Auch sollte man alles tun, um bei jedem Bürger das Immunsystem auf den bestmöglichen Stand zu bringen. Da besteht, wie ich auch aus meinem Umfeld weiß, bei vielen Menschen Handlungsbedarf. Dazu gehört aber auch, Schüler und Lehrer nicht bei kalten Temperaturen in den Klassen frieren zu lassen durch andauerndes Lüften. Es gibt bereits auf dem Markt von deutschen Herstellern Mittel, die man stattdessen einsetzen kann und die den Virus wirkungsvoll in der Luft und auf allen Flächen bekämpfen – und die sogar bei Anwesenheit im Raum verteilt werden können, da sie sogar für Babys und Kleinkinder unschädlich sind.
Was ich asber momentan auf keinen Fall möchte, ist, mit Herrn Manz oder gar Frau Merkel zu tauschen. Denn viele Leute unter einen Hut zu bringen, ist mehr als schwierig, was ich als Projektmanagerin auch schon erfahren mußte.

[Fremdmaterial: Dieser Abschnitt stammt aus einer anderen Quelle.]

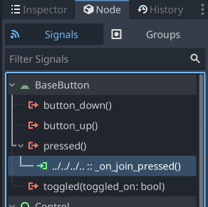 The Node tab shows the places a signal is received! So presumably you can have the Game script do the Join logic, but could also attach the pressed Signal to other UI elements to animate them, etc. Signals are cool for calling code anytime a certain thing happens, and this is a really neat-feeling way to set up and manage these.
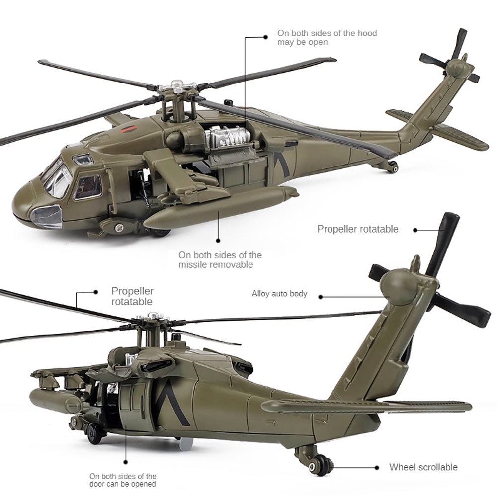 Scale 1/64 Apache gunship AH-64D / Black Hawks UH-60 Helicopter Gunships Alloy Diecast Model ToyMilitary Aircraft Flying Airplane For Children Boys

Es tut mir Leid, ihre Position steht außerhalb des Grundgesetzes. Eine derart weite Einschränkung bürgerlicher Freiheiten hat es noch nie gegeben. Es macht mich traurig, wenn Sie mit dem Infektionsschutz dies begründen wollen und dabei gleichzeitig kaum eine tiefergehende wirtschaftliche Interessenanalyse aufzeigen.
Historisch gesehen ist die „Bürgerliche Freiheit“ etwas sehr modernes und deshalb ist das Wort „nie“ hier völlig falsch verwendet. Und der Abwägungsprozess hat stattzufinden zwischen der Einschränkung von Bewegungs-/Versammlungsfreiheit und dem Schutz von Leib und Leben. Beides sehr wichtige Rechtsgüter. Wenn Sie das Fr. Lohmann schon einmal anerkennen könnten, wären wir auf einem guten Weg! Denn mit dem Infektionsschutz zu argumentieren verharmlost den tatsächlich bestehenden Rechtskonflikt!
Corrado … italienischer Vorname …
Ob wirklich alle Mitarbeiter in der AL hier zustimmen?
Liebe/r Kommentatorin/Kommentator!
Von allen war nicht die Rede, sondern von der Mehrheit! Das ist wohl so!!!